Real-Time Dashboards
The tracing data feeds into dashboards that show:
Cost Dashboard: Spend per hour, per model, per API key, per project. We set budget alerts at 80% of expected daily spend.
Latency Dashboard: P50/P95/P99 latency per provider and model. Time to first token distribution. We use this to make failover threshold decisions.
Cache Dashboard: Hit rate over time, estimated savings, cache size. This validates that our caching investment is paying off.

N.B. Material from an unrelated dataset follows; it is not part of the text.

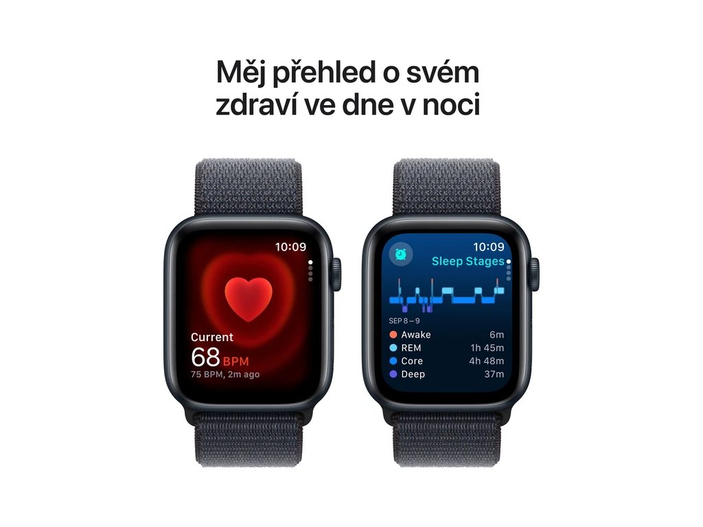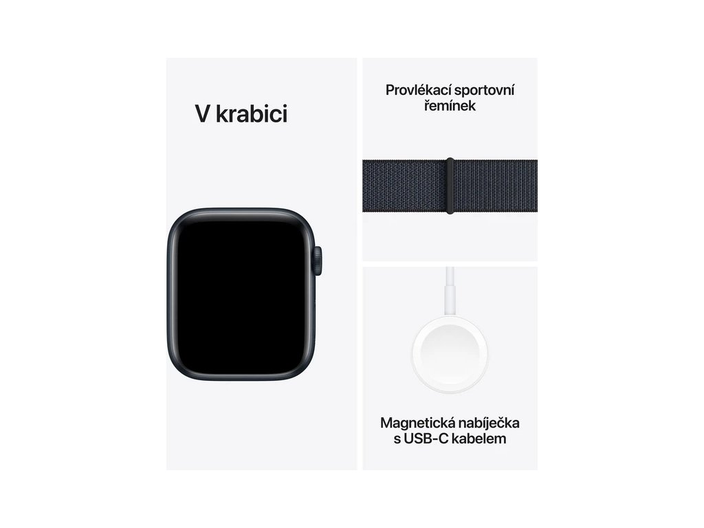 Apple Watch SE (2024) 44mm Temne atramentový hliník s atramentovo fialovým prevliekacím remienkom

Error Dashboard: Error rate by type (rate limit, context length, content filter, timeout). Provider health at a glance.
Alerts That Matter
We run alerting on computed metrics, not raw values:
- Cost per hour exceeds 2x the trailing 7-day average → alert
- Cache hit rate drops below 50% of trailing average → alert
- P95 latency for any model exceeds 30 seconds → alert
- Error rate for any provider exceeds 5% over 15 minutes → alert
- Any single API key exceeds daily budget → alert + auto-throttle
The auto-throttle on budget exceeded is critical. Without it, a runaway process can burn through an entire month's budget in hours.
Implementation Lessons
Trace at the gateway, not the application. If you instrument individual services, you will miss calls, get inconsistent schemas, and have blind spots. The gateway sees everything.
Store raw token counts, calculate costs on read. Pricing changes. If you store pre-calculated costs and a provider retroactively adjusts pricing, your historical data is wrong. Store tokens and model identifiers; calculate costs at query time using a versioned pricing table.
Separate streaming latency from total latency. A streaming request that sends the first token in 200ms but takes 30 seconds to complete is a great user experience. Total latency alone would flag it as slow.
Budget alerts need hysteresis. A spike that triggers an alert, recovers, and re-triggers creates alert fatigue. We use a 15-minute cooldown window.
The ROI of Tracing
In the scenario above, deploying tracing and acting on the findings can bring monthly LLM spend from $47,000 back to around $9,200. A typical breakdown:
Model right-sizing: ~$18,000 saved
Fixing retry amplification: ~$12,000 saved
Prompt caching: ~$5,000 saved
Embedding deduplication: ~$2,800 saved
A tracing pipeline typically costs about $200/month in compute and storage. That represents a 190x return.
Key Takeaway
If you are running LLM workloads in production without token-level tracing, you are guaranteed to be overspending. The question is not whether you have waste -- it is how much.
The fix is not complicated. Capture every request, count every token, calculate every cost, and surface it in real time. The patterns will reveal themselves.